Microsporum canis has no specific growth factor or nutrition requirements, hence it grows well on most commercially available media. In addition, M. canis exhibits rapid colony growth at 25 °C. Two growth media that help distinguish M. canis from other Microsporum spp. (notably the morphologically similar species, M. audouinii) are polished rice and potato dextrose agar. On potato dextrose agar, M. canis produces a lemon-yellow pigment that is easily visualized, due to the presence of aerial hyphae, while on the polished rice, most isolates (even atypical strains) produce yellow pigment.

==Pathophysiology==
It is considered a zoophilic dermatophyte, given that it typically colonizes the outer surface of animal's body. Hence, animals, cats and dogs are believed to be the population hosts of this fungus, while humans are occasional hosts, in which the fungus can induce secondary infections. Microsporum canis has been identified as a causal agent of a ringworm infection in pets, tinea capitis and tinea corporis in humans, children in particular.

Microsporum canis is among the most common dermatophytes associated with tinea capitis and tinea corporis. Unlike some dermatophyte species, M. canis typically does not cause large epidemics. Humans become infected as a result of direct or indirect contact with infected pets. Microsporum canis generally invades hair and skin; however, some nail infections have been reported. When hair shafts are infected, M. canis causes an ectothrix-type infection where the fungus envelopes the exterior of the hair shaft without the formation of internal spores. This colonization of the hair shaft causes it to become unsheathed, resulting in characteristic round or oval non-inflammatory lesions the develop on the scalp. Infection triggers an acute leukocytic reaction in subcutaneous tissues, which gradually becomes highly inflammatory and leads to hair loss, in the case of tinea capitis.

==Diagnosis==
Typically, infections caused by M. canis are associated with alopecia in the case of tinea capitis, while ringworm infections in pets produce characteristic inflammatory lesions, which may or may not result in hair loss. This species has a propensity to cause subclinical infections in some animal species, particularly long-haired cats are frequent reservoirs of infection. Isolation of the fungus from brushed pet hair can aid in detection of either an actively growing fungus or a passive carriage of fungal hyphae or arthroconidia.
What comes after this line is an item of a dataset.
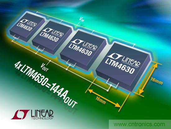 ●利用多個 LTM4630 實現(xiàn)多相并聯(lián)均流,電流可高達 144A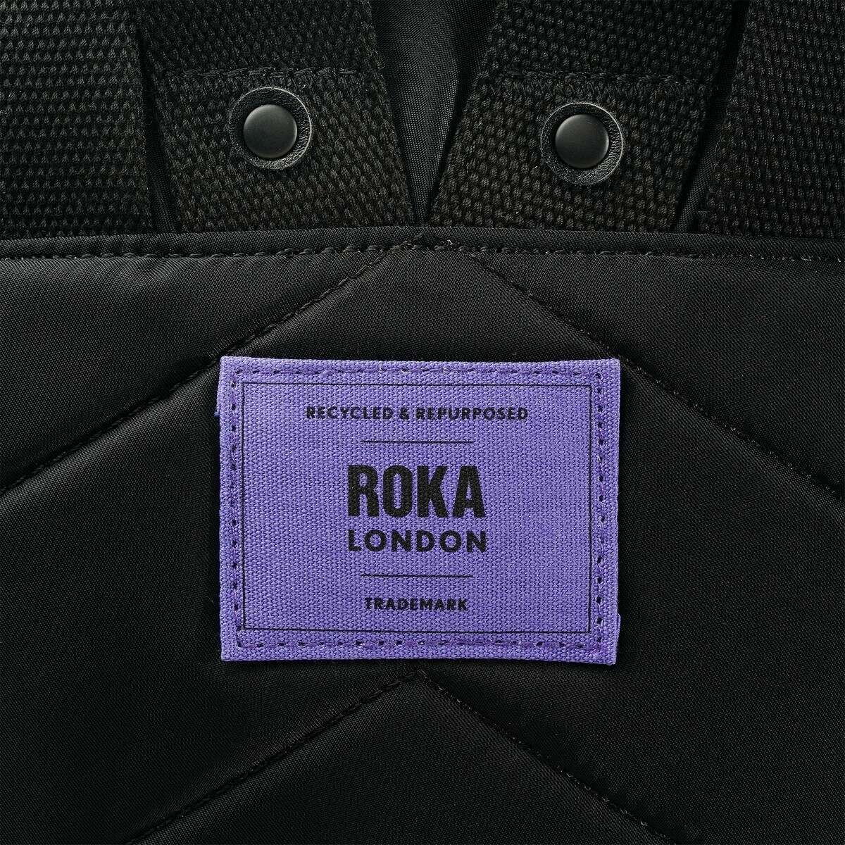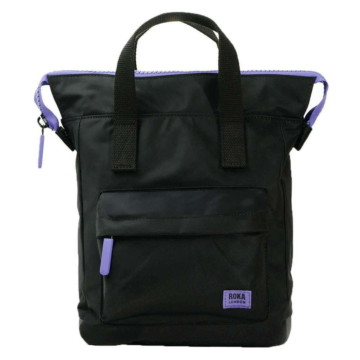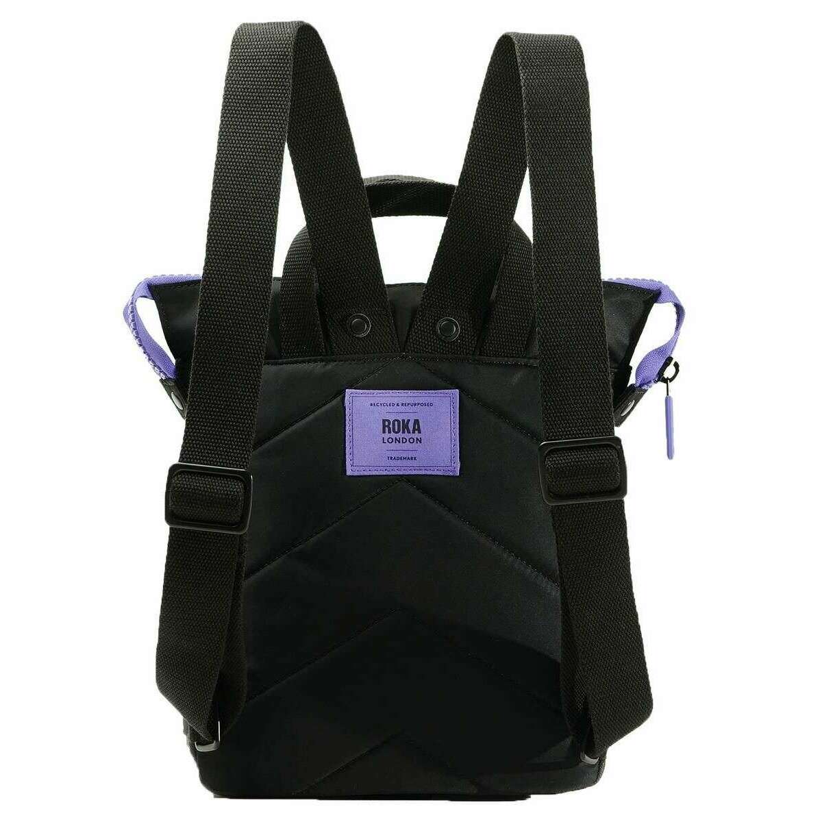 Roka Bantry B Small All Black Recycled Nylon Backpack - Black/Simple Purple

In asymptomatic cases it is highly recommended to perform both Wood's lamp examination and microscopic analyses of suspected areas. In the case of transient carriers, lack of clinical manifestations is accompanied with low number of M. canis colonies, number of which declines upon re-testing.

==Treatment==
Microsporum canis infections can be easily managed by topical antifungal agents; however severe cases may necessitate systemic therapy with griseofulvin, itraconazole or terbinafine. Treatment of human cases also requires the identification and elimination of the infectious reservoir, which typically involves the investigation and treatment of colonized animals and the elimination of infected bedding and other environmental reservoirs.

==Habitat==
Despite its species name ("canis" implies dogs), the natural host of M. canis is the domestic cat. However this species can colonize dogs and horses as well. In all cases, it resides on the skin and fur. Microsporum canis may also persist as dormant spores in the environment for prolonged periods.

==Geographic distribution==
Microsporum canis species have a worldwide distribution. Extremely high occurrence has been reported in Iran, while lower incidence is associated with England and Scandinavian countries, as well as South American countries. Microsporum canis is uncommon in some parts of US and Europe, and is completely absent from equatorial Africa.